Outside there was a sort of swelling quiet, like a balloon about to burst.
"I don't think we can make it this--" he started to murmur.
It went right through the two of them, as though a volley of blank cartridges had been fired off under their noses. It was something heavier, harder than fists. The door seemed to explode with impacts. It made the light bulbs jitter in the ceiling. It made a pottery thing on a table sing out with the vibration, carried to it along the floor and up the table legs. It was the earthquake of attempted forcible entry. It was violence in its most ravening form. It was the night gone hydrophobic at their threshold. It was disaster. It was the end.
Too late now. She was going to be right in the middle of the whole thing, see things that those you love shouldn't be called upon to witness.
She huddled against him, terrified. She gave a wordless heave, that was like a bronchial seizure. "Who--? Who's doing that?"
"It's what I wanted to get you away from," he answered bitterly.
Violence flamed in his own mind, catching fire from the violence outside the door. He caught up a wooden chair by one leg, poised it overhead at blow angle. His face was an unbaked cruller of rage. "Bring this to you, will they? Let 'em come--!"

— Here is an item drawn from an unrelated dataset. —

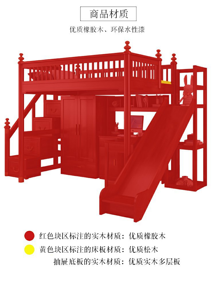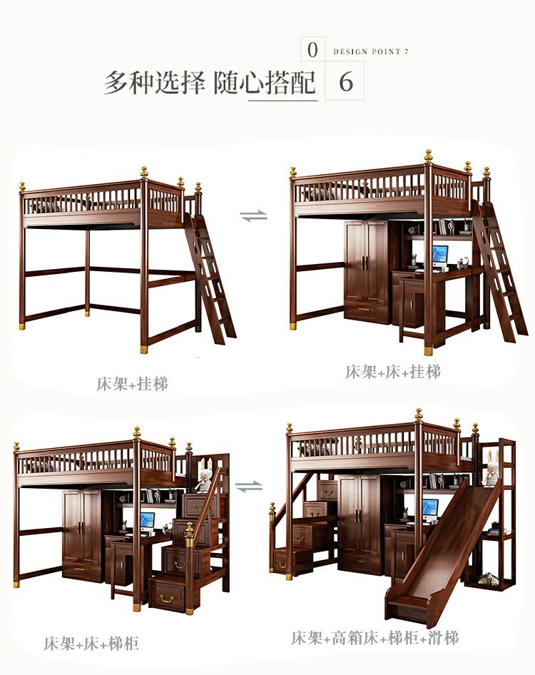 • 침대 프레임 + 옷장 + 책상 + 사다리 캐비닛 + 슬라이드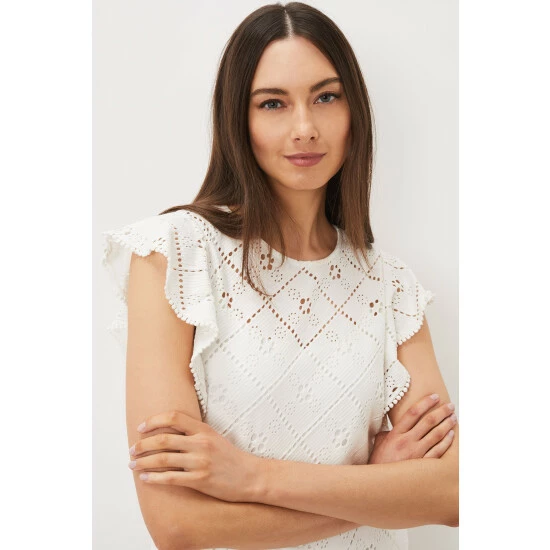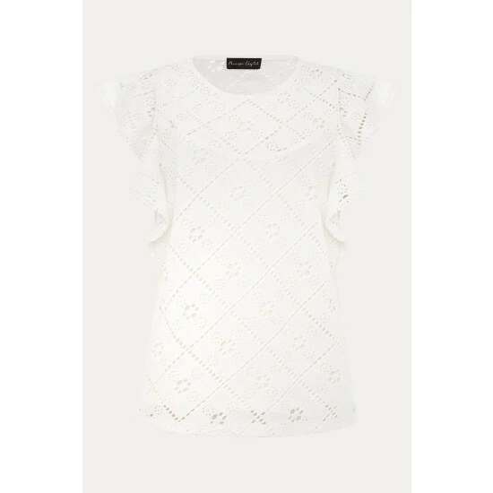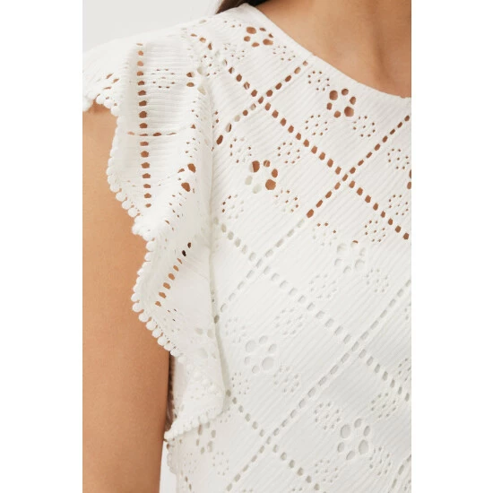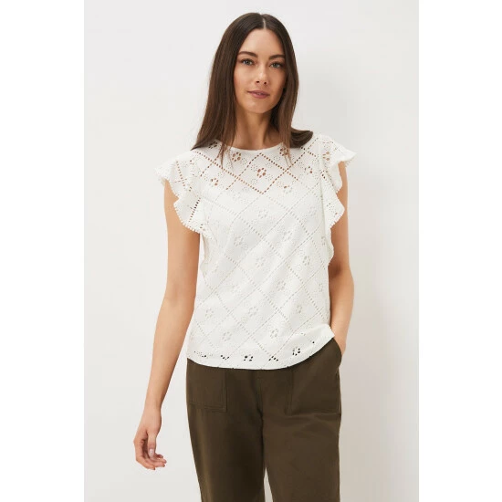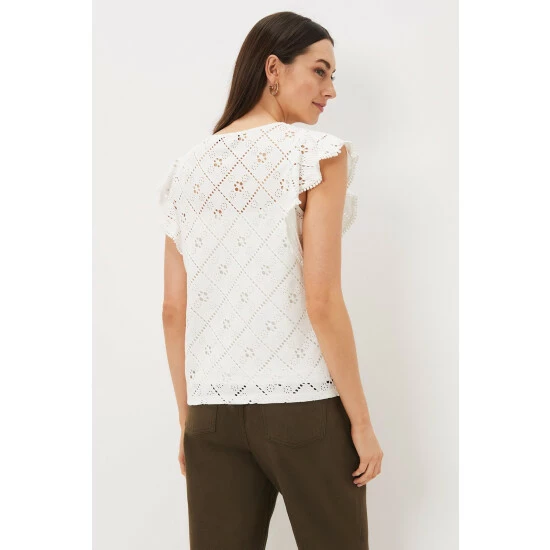 A feminine take on the classic white top. Designed with broderie anglaise and with feminine frill detailing along the short sleeves. Style with trousers and sandals for a casual, everyday look.

She caught at his arm, pulled it--and the chair--down again. "No Frank, no! Don't! For me, Frank!" And he saw, looking at her twisted, tearing face, that she was more frightened of his rage than she had been of theirs.
That did something to him, snapped him out of it, the sight of that fright of hers. To get her to safety should be his only concern, the hell with everything else.
He drew her back away from the door, arm protectively circled about her shoulder. Like a pair of blundering dancers in half embrace they went this way and that, looking for a way out that wasn't there. Taking three steps toward the hopelessly blocked front windows, then doubling back; three steps toward the bedroom window overlooking the rear court, then doubling back as the telltale grate of feet on the cement reached them, magnified by the sounding board of the enclosing walls.
"There must be some way, there's got to be--!" His grimace was that of weeping for her, but he wasn't weeping.